====== Data supplied ======

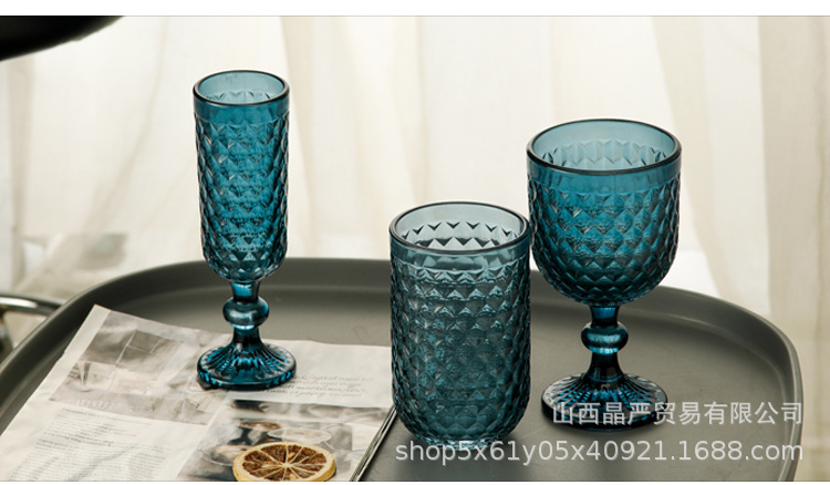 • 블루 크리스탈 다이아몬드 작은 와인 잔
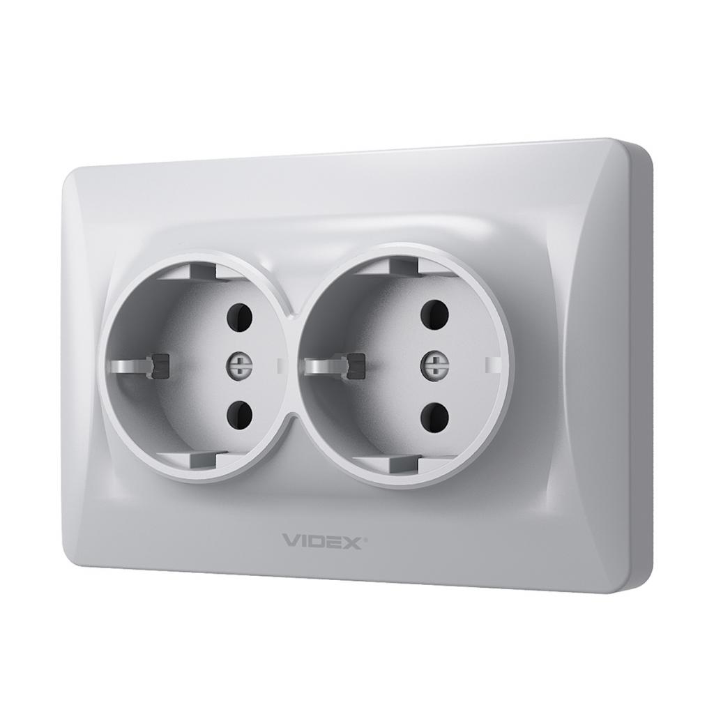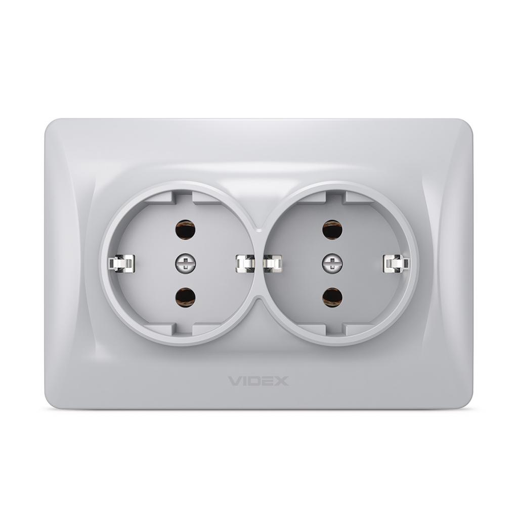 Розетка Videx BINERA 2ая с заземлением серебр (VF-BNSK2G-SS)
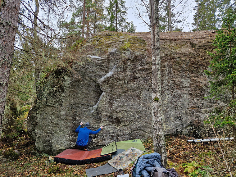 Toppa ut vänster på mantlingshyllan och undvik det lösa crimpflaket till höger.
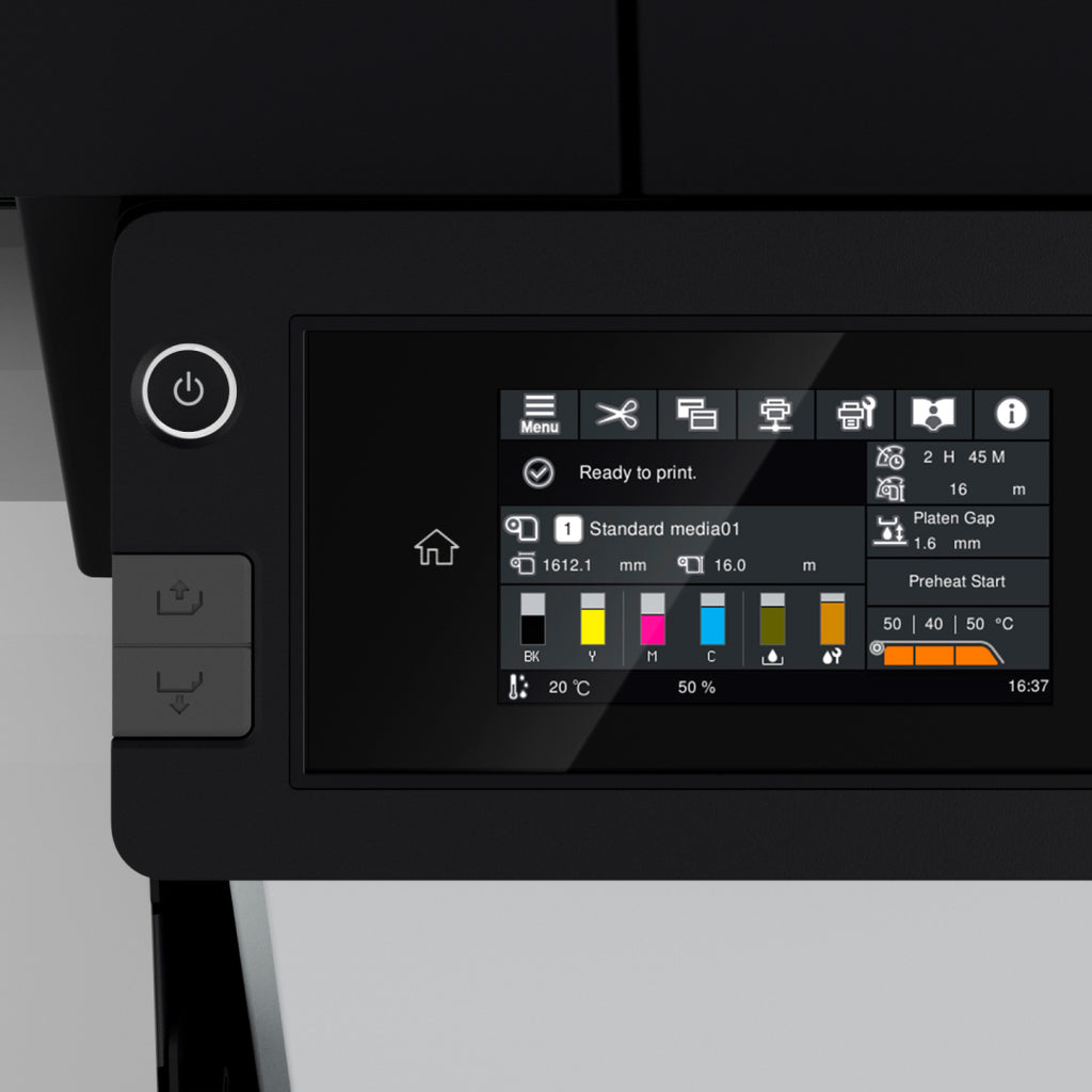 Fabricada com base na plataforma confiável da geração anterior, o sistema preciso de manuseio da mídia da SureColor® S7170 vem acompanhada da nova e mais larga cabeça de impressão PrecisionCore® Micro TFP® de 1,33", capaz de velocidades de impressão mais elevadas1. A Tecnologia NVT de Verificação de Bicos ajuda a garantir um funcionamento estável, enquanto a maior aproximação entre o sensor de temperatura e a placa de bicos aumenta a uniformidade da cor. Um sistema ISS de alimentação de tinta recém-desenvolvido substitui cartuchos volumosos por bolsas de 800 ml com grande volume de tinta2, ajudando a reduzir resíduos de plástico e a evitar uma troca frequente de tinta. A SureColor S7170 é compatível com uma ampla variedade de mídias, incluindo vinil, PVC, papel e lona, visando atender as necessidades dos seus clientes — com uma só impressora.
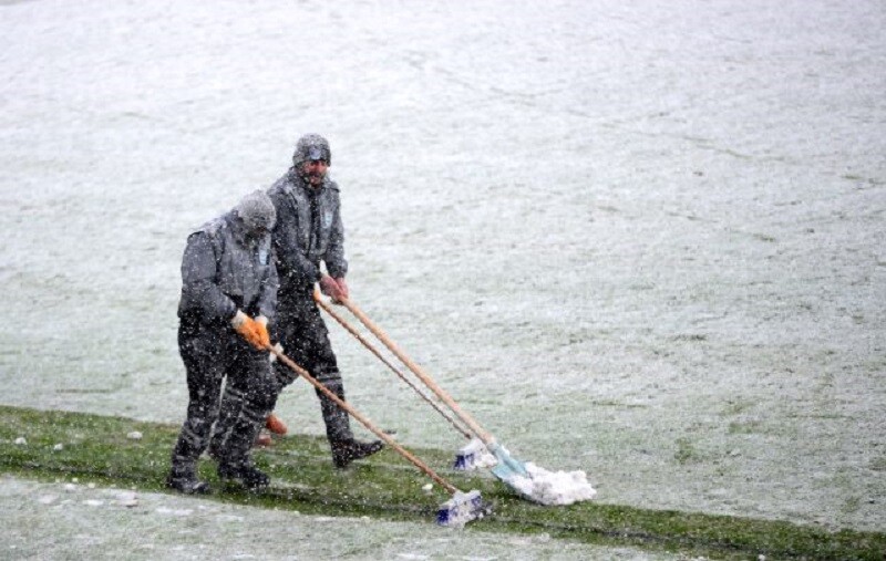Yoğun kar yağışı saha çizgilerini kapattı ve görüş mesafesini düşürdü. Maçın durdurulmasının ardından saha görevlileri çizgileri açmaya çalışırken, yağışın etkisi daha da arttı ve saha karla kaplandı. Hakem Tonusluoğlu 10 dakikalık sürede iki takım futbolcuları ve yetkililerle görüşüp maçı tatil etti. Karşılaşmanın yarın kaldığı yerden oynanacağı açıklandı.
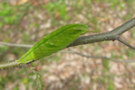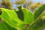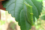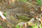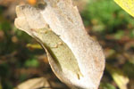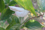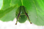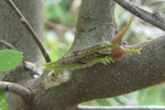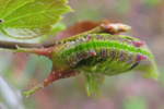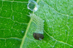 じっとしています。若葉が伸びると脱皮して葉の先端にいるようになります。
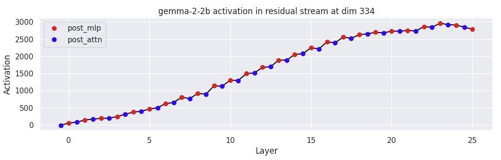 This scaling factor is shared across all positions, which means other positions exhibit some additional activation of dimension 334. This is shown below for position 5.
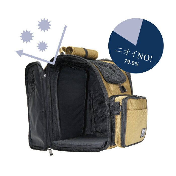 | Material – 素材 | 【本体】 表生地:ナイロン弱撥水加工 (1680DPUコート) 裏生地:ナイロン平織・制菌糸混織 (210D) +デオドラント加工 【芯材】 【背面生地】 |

======
====== Data supplied ======

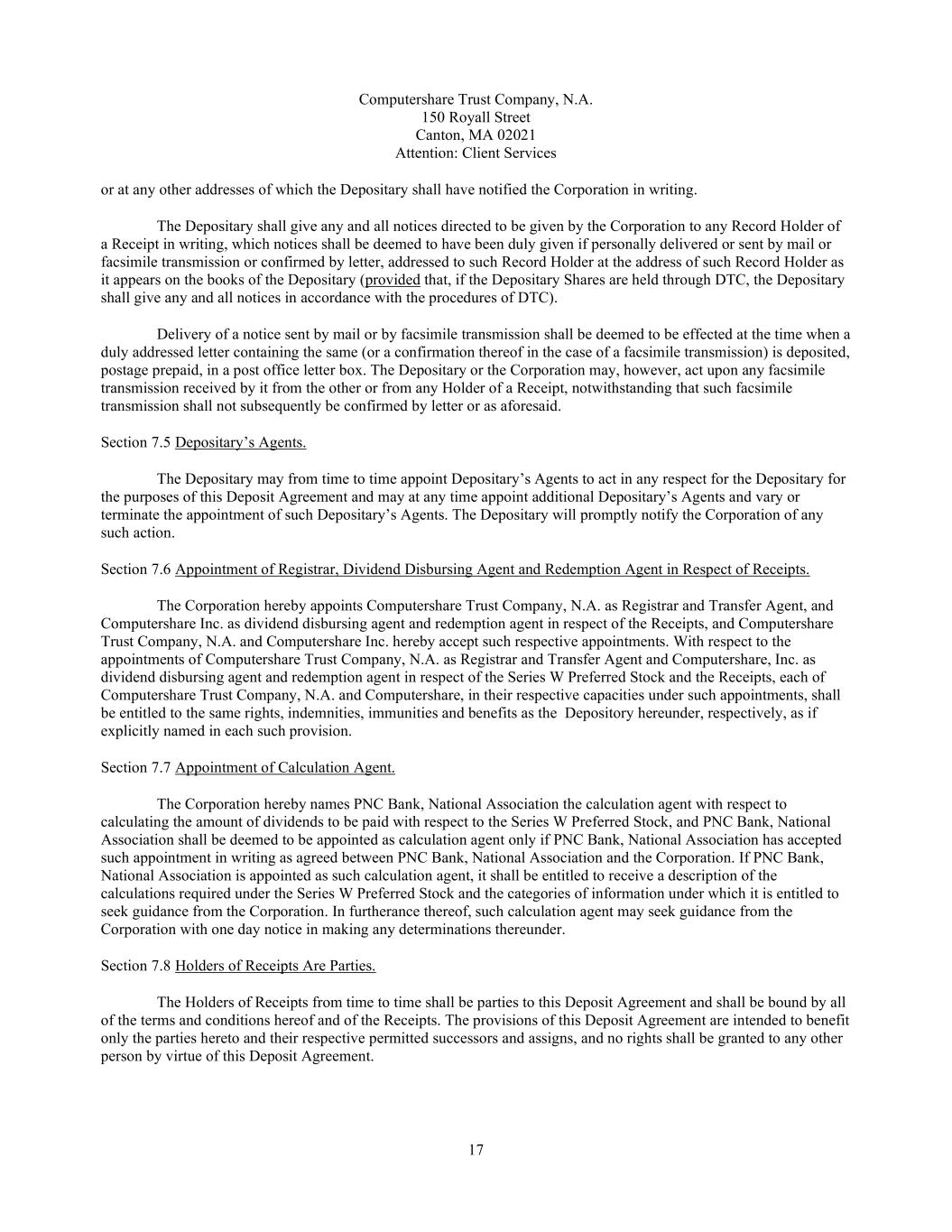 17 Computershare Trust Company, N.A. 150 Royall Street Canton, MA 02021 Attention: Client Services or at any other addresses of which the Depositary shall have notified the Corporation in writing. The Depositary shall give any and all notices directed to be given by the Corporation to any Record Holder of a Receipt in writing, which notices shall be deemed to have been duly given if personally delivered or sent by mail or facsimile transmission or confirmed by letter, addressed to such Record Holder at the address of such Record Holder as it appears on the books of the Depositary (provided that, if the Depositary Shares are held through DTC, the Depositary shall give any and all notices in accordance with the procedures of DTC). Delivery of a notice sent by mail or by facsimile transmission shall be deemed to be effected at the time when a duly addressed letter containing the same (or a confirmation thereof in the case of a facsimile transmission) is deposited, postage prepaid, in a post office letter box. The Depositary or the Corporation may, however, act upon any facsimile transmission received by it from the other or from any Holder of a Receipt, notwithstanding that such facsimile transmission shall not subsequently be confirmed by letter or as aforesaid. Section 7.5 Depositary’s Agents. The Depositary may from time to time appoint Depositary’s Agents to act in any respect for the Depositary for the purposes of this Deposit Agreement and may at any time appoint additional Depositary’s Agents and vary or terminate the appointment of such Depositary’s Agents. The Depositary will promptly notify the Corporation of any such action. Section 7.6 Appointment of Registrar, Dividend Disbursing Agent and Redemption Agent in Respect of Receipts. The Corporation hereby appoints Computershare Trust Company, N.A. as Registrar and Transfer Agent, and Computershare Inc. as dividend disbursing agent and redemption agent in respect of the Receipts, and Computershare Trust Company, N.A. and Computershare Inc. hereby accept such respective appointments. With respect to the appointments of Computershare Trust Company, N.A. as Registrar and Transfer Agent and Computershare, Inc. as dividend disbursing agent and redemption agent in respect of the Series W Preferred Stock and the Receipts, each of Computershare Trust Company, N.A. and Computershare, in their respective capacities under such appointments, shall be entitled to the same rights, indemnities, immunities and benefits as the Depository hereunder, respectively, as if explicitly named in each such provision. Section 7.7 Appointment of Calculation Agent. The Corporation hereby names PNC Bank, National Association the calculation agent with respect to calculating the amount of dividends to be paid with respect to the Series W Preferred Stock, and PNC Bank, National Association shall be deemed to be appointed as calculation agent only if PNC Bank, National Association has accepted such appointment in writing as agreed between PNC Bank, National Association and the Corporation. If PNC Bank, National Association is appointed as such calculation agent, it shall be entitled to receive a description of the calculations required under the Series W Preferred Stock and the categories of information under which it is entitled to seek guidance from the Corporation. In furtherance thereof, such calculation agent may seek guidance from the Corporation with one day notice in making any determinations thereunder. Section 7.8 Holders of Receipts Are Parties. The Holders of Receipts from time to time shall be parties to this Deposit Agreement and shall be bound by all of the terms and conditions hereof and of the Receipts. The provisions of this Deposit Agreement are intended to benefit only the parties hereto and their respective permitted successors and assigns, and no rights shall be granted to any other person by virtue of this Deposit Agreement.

======

Beginning with the line that contains "다이아몬드 작은 와인 잔" and ending with the line that contains "Toppa ut vänster", reproduce the listing exactly, pictures excluded.

Your response |
 • 블루 크리스탈 다이아몬드 작은 와인 잔
 Розетка Videx BINERA 2ая с заземлением серебр (VF-BNSK2G-SS)
 Toppa ut vänster på mantlingshyllan och undvik det lösa crimpflaket till höger.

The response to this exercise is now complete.